Но вслед за вопросом личной этики встает вопрос общественный: как помочь людям, обществу вообще избежать этой беды? Как помочь тем, кто разрывается между давлением обстоятельств и зовом совести? Как уберечь их от гибели?

В конце своего письма Вы говорите: «Вопросы о том, что такое жизнь и где она начинается, касаются каждого из нас». Я совершенно с Вами согласен и на первый вопрос — о том, что такое жизнь, — уже дал ответ. «Когда начинается человеческая жизнь» — для нас загадка и, возможно, останется загадкой навсегда. Но главное здесь — не «когда», а «что». Явление величайшей ценности требует величайшего уважения. И, сколь бы малым и незначительным не представлялось нам начало новой жизни, мы не вправе легкомысленно его недооценивать.

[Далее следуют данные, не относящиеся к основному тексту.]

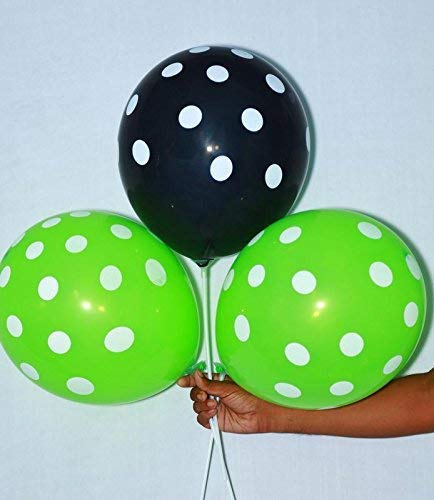 Jindal Party Products Polka Dot Finish Balloons For Birthday / Anniversary / Wedding Party Decoration (Black, Light Green) Pack of 25
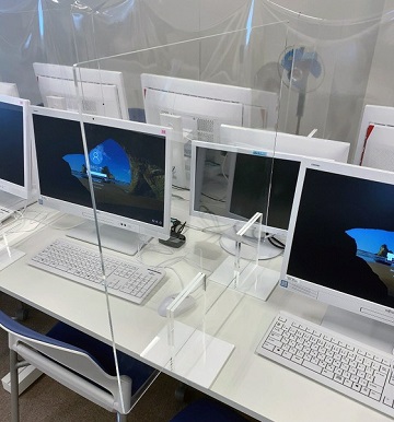 同時に授業中にPCトラブルが発生した際、スタッフはメディアセンター事務室から教室に行かなくても遠隔サポートできるシステムを導入しています。また、学生がキャンパス内から遠隔授業を受講できるようにWi-Fi、電源設備環境の整った専用の教室を用意し、スムーズに授業を受けられるような体制をとっています。さらに昨年度より学生がコンピュータ演習室のPCを自宅からも利用できるようにリモート接続サービスを実施しており、2021年度に新設された百二十年館の全教室、全学生滞在スペースでWi-Fiが利用できる自習環境を整えています。
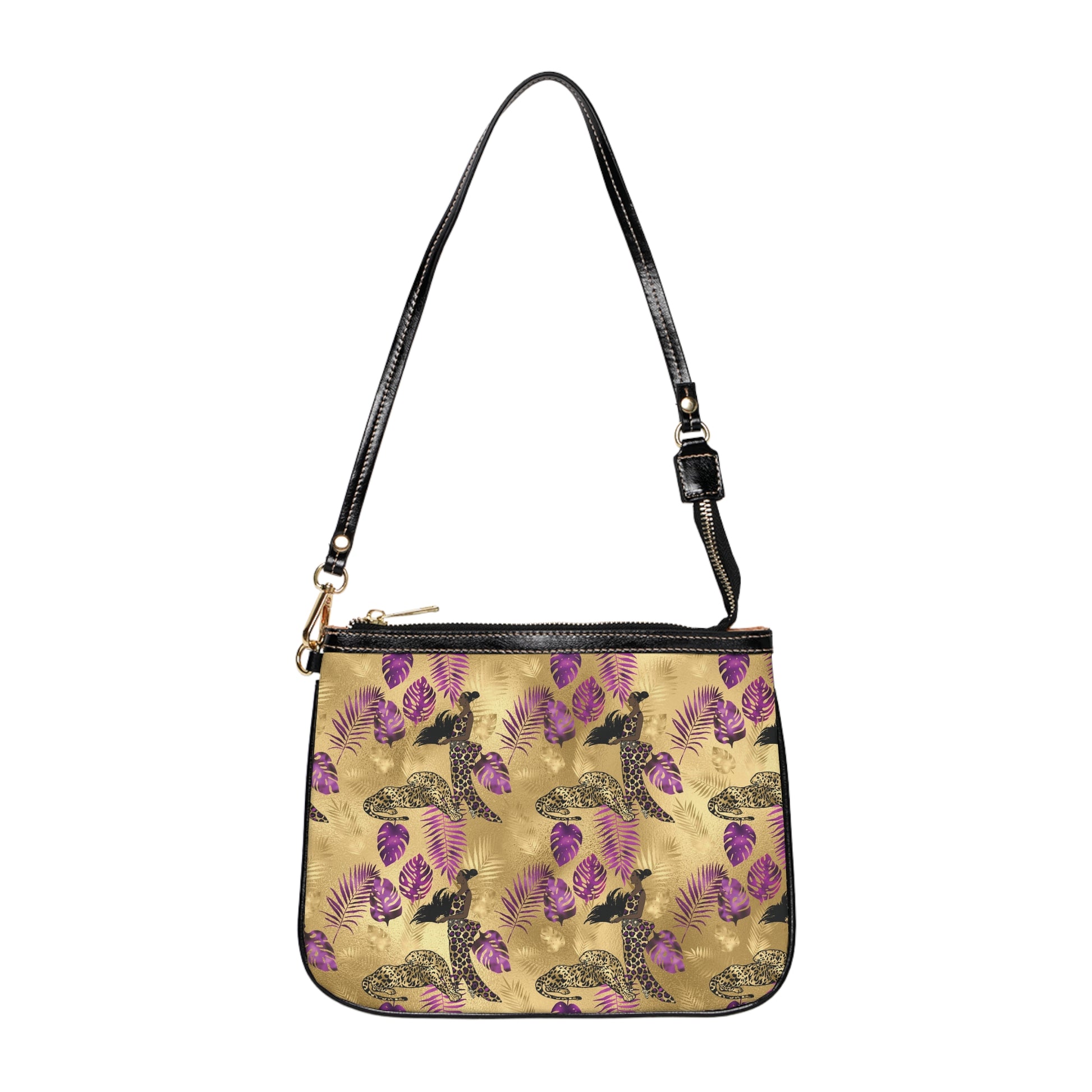 Step into a world of exotic artistry and untamed sophistication with the Wild Majesty Small Shoulder Bag, a refined design featuring golden leopards and striking purple tropical leaves set against a luxe golden backdrop. Created for the modern style connoisseur, this piece is more than a bag—it’s an expression of confidence, individuality, and fierce elegance.
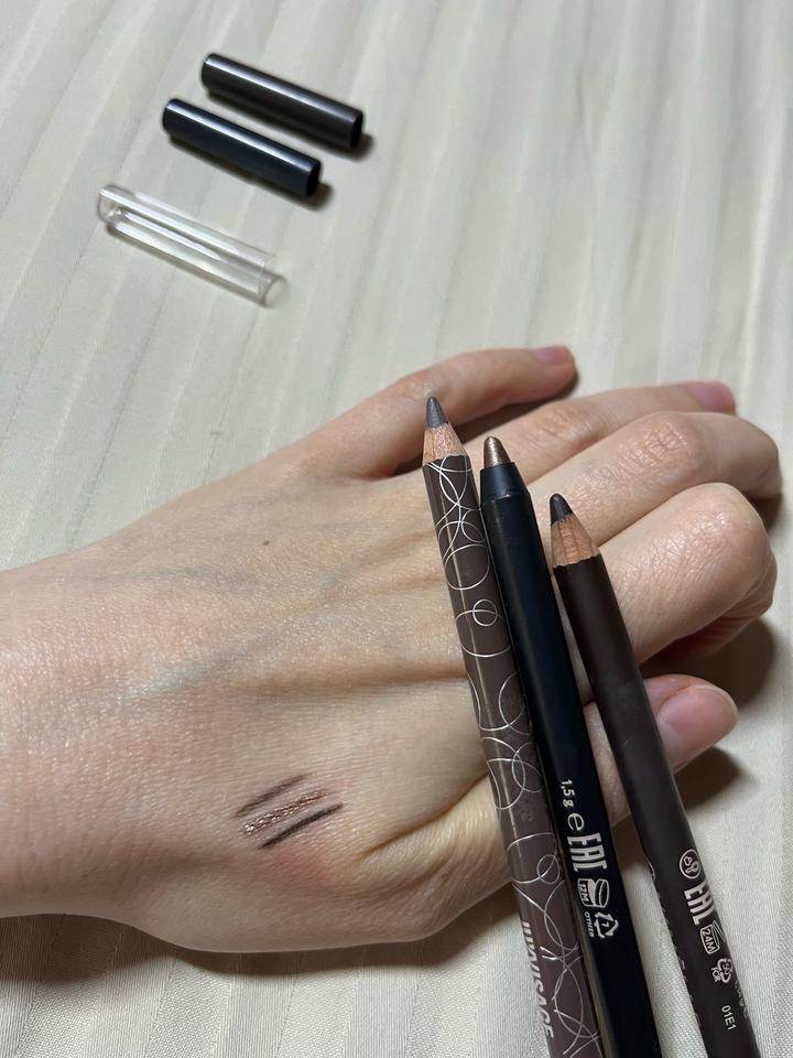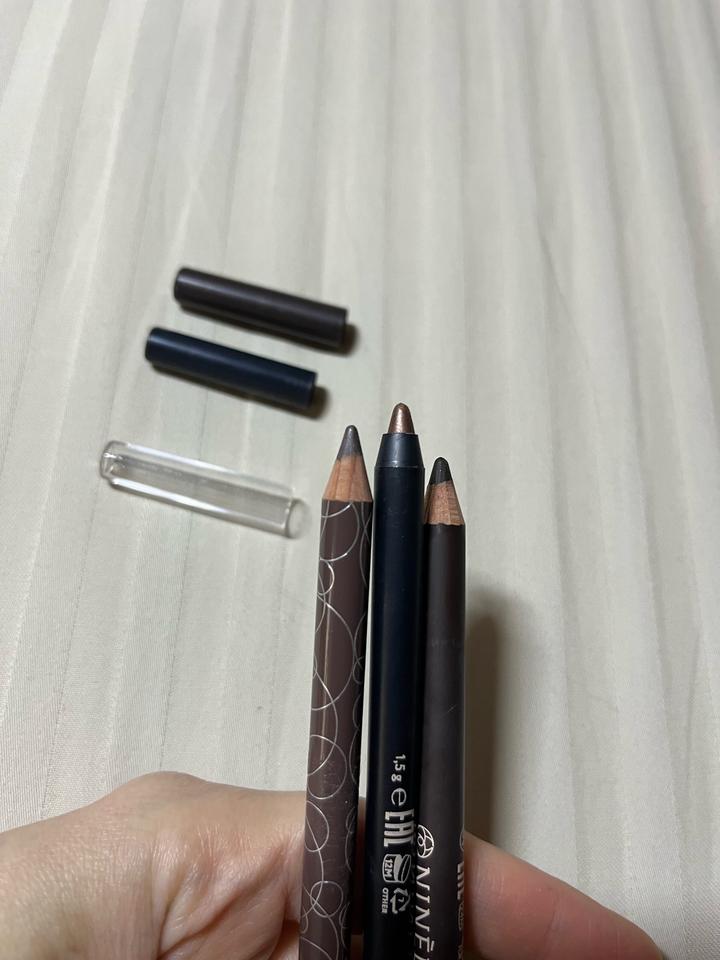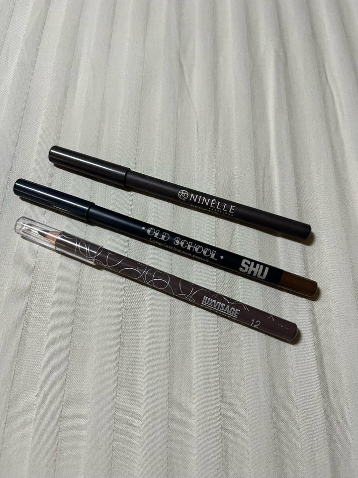 Использовала чтобы показать оттенки, все карандаши новые, не пользовалась. Разные оттенки коричневого цвета: Ninelle Efecto 212 Shu old school 15 Luxvisage Eye Liner 12 Артикул: 560253
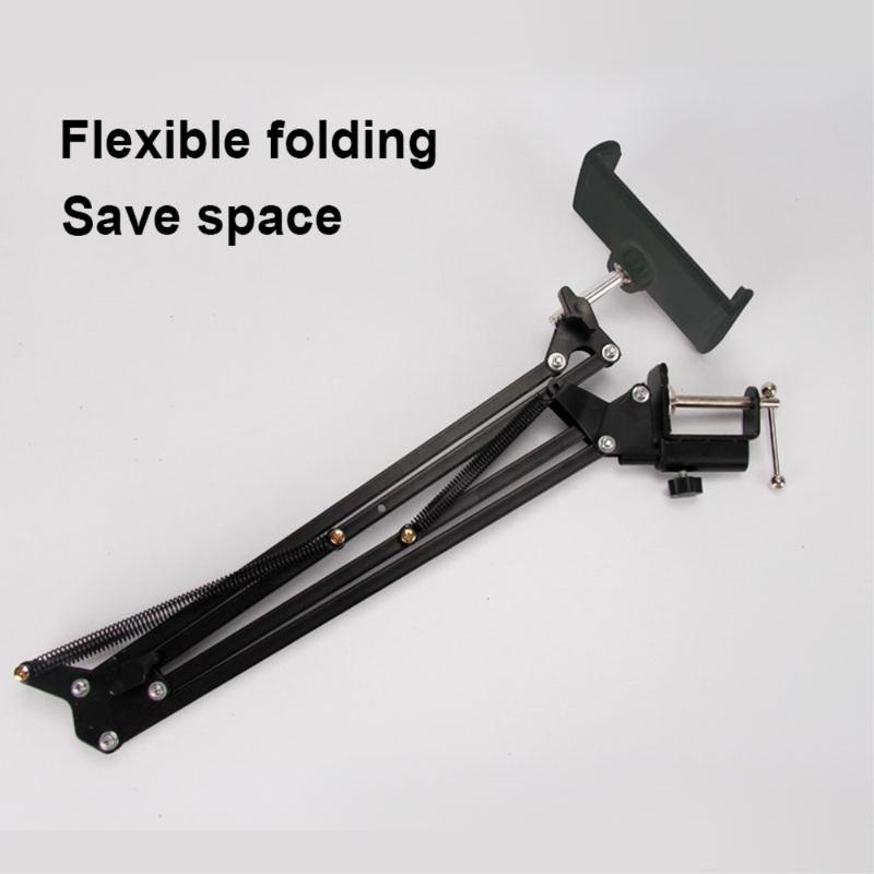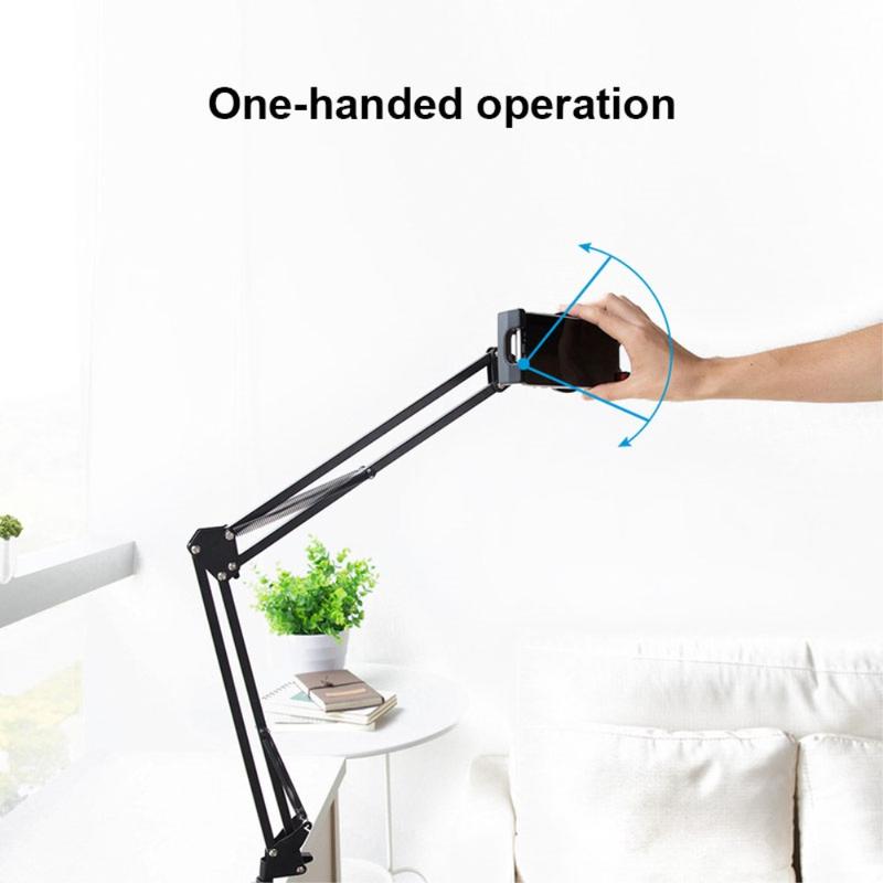 Regulowane długie ramię umożliwia swobodne dostosowanie wysokości, odległości i kąta, dzięki czemu idealnie nadaje się do oglądania filmów, rozmów wideo, czytania lub przeglądania stron internetowych bez użycia rąk.

Но остается один вопрос. Я подчеркнул, что, по Новому Завету, уважения достойна не физическая жизнь сама по себе, а жизнь, причастная Богу. Как объяснить это учение в понятиях, ясных и неверующему? Первый ответ я нашел в Ваших словах, описывающих благоговение и трепет, которые испытывает всякий при мысли о человеческой жизни и судьбе. Есть великолепная метафора, описывающая в светских терминах чувство, общее для католиков и людей безрелигиозных, — метафора «лица». Вспомните проникновенные слова Левинаса о «неопровержимом мгновении». Но в заключение я, пожалуй, процитирую другого автора — Итало Манчини, одну из его последних книг — Tornino a volti [ «Назад к лицам»]: «Жизнь в мире, любовь к миру, освящение мира — всем этим мы обязаны не какой-то безличной теории бытия, не историческим фактам, не природным явлениям, не существованию каких-то трансцендентных центров „инаковости“, — нет, только лицам: лицам, в которые мы смотрим, которые чтим, которые любим всем сердцем».

Карло Мария Мартини

Мужчины и женщины в Церкви

Уважаемый Карло Мария Мартини!

Настало время нам продолжить беседу. Должен признаться, мне немного жаль, что редакторы всякий раз просят меня выступить первым: от этого я начинаю чувствовать себя придирой. Быть может, они пали жертвами банального клише, согласно которому философы — специалисты по формулировке вопросов, на которые не знают ответов, а у пастырей душ всегда на все находится правильный ответ. По счастью, в предыдущих своих письмах Вы показали, сколь сложны и напряженны могут быть размышления пастыря, разочаровав тех, кто, быть может, ожидал от Вас ответов оракула.

Прежде чем задать вопрос, на который у меня нет ответа, я хотел бы сделать несколько предварительных замечаний. Когда авторитет в области религии говорит о принципах естественной этики, человеку светскому следует сознавать, что, согласен он или нет, у него нет причин подвергать сомнению право авторитета делать подобные заявления, — даже если в них критикуется образ жизни неверующего. Светские люди вправе оспаривать позицию религиозного авторитета лишь тогда, когда в ней чувствуется стремление заставить неверующих (или исповедующих иную веру) нарушать заповеди их веры или законы государства или же воспретить им такое поведение, которое заповедями их веры или государственными законами дозволяется.